The Potential of Aristotle

I finally finished the section on Aristotle. The article took a long time to write for two reasons. The first is that there are just too many directions that one can take from a mention of Aristotle. The second problem is that Aristotle, per se, is not a primary concern of mine.

Aristotle is important because he is associated with the innovation of logic.

There are several things that I wanted to emphasize in the article. The first, of course, is that respect for quality reasoning leads to prosperity.

Quality reasoning is different from effective rhetoric. Quality reasoning is a process where one goes through a detailed analysis of their reasoning process to see if the ideas are sound.

A second important point I wanted to make was that Aristotle positioned his work as an improvement on what came before. This is actually an important point. In the classical world, philosophers were seeking improvement on what came before. In the post Kantian world, philosophers started seeking radical change.
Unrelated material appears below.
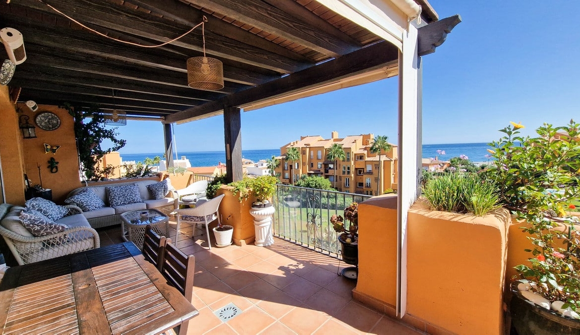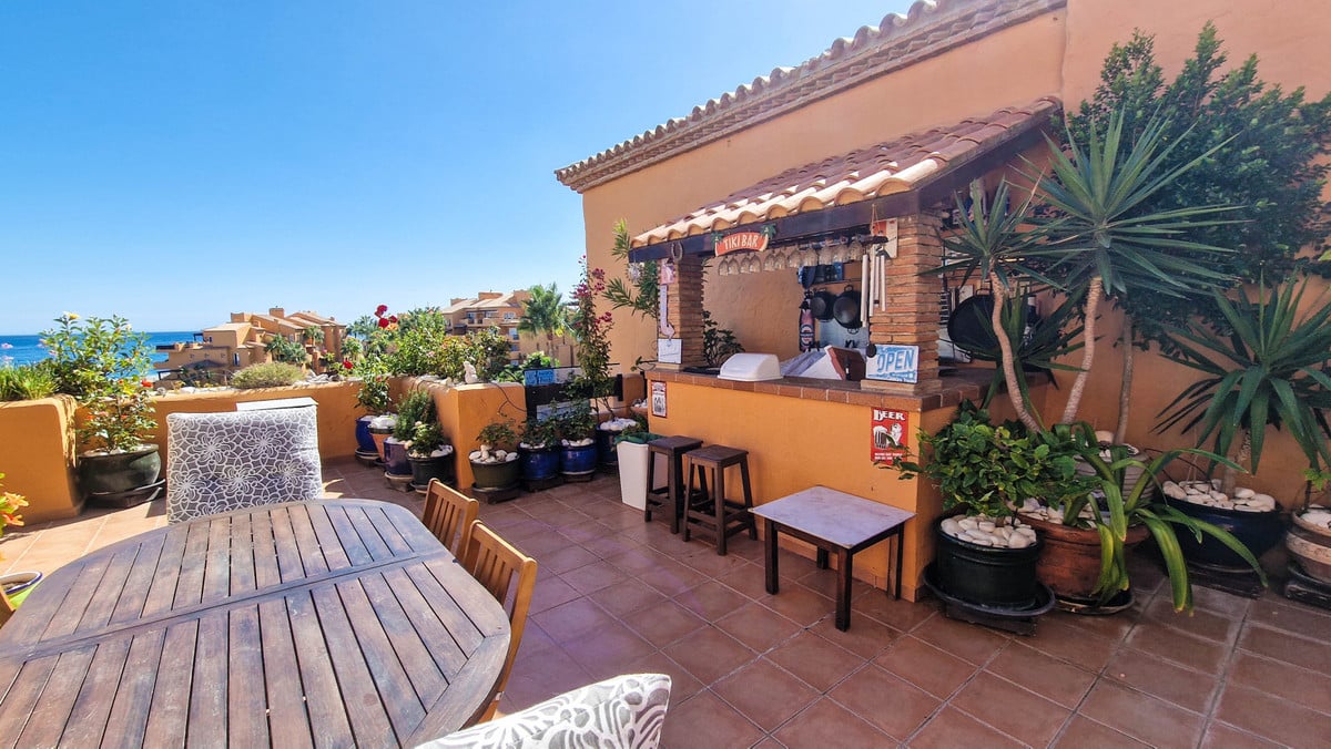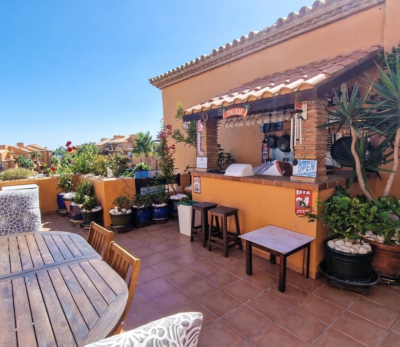The views are beyond belief, to put it mildly. No picture can do them justice, so they need to be admired on site. The communal areas are in immaculate condition and the penthouse itself is no exception. The terrace, oh that terrace does not only offer you the best views you can imagine. it is south orientated so you get plenty of sun, but it is also partially covered, which you will appreciate in July and August. Let’s not forget the terrace bar where you can serve yourself a cool drink and it’s conveniently placed close to the jacuzzi, which is only a few steps away. Two parking spaces and a storage unit are included as well.

My observation is that people who are committed to sound rational thinking and who are seeking improvement occasionally come up with ideas that are revolutionary in nature. The structure of this type of thinking is more apt to result in changes for the better.

Conversely, people who are committed to radical change for the sake of radical change often end up creating regressive change.

The next key element I wanted to emphasize in Aristotle was his approach to moderation. People who are committed to sound reasoning are often labeled as dictatorial. The reason for this is that such people believe in clear statements.

Aristotle's observation was that virtues pushed to extremes created vices. The secret to a truly virtuous life was to find a mean between the absence of a virtue and the excess of the virtue.

The second key to balance was to avoid absolutes. One must accept that the edges to their definitions are always fuzzy.

Very important to my work was Aristotle's differentiation between the potential and actual infinity.

I wanted to keep this article short; so I avoided enumerating all of the things I don't like about Aristotle. For example Aristotle held the merchant class in contempt. His political theories and his theories on virtue were perverted to support centuries of rule by oppressive kings and emperors. (These same faults were true of Plato).

There are also many mistakes in the writings we attribute to Aristotle.

The challenge is finding a way to present Aristotle in a way that encourages a commitment to rationality without having to rehash all of the mistakes made in the Aristotelian tradition.

It is common to make mistakes in the process of discovery.

I think Aristotle is a very interesting historical figure, but I don't think that the works we have from Aristotle, in and of themselves, make a good foundation for leading quality reasoning. The writings we have are actually lecture notes. They are fractured and convoluted. What is important is the commitment to rationality.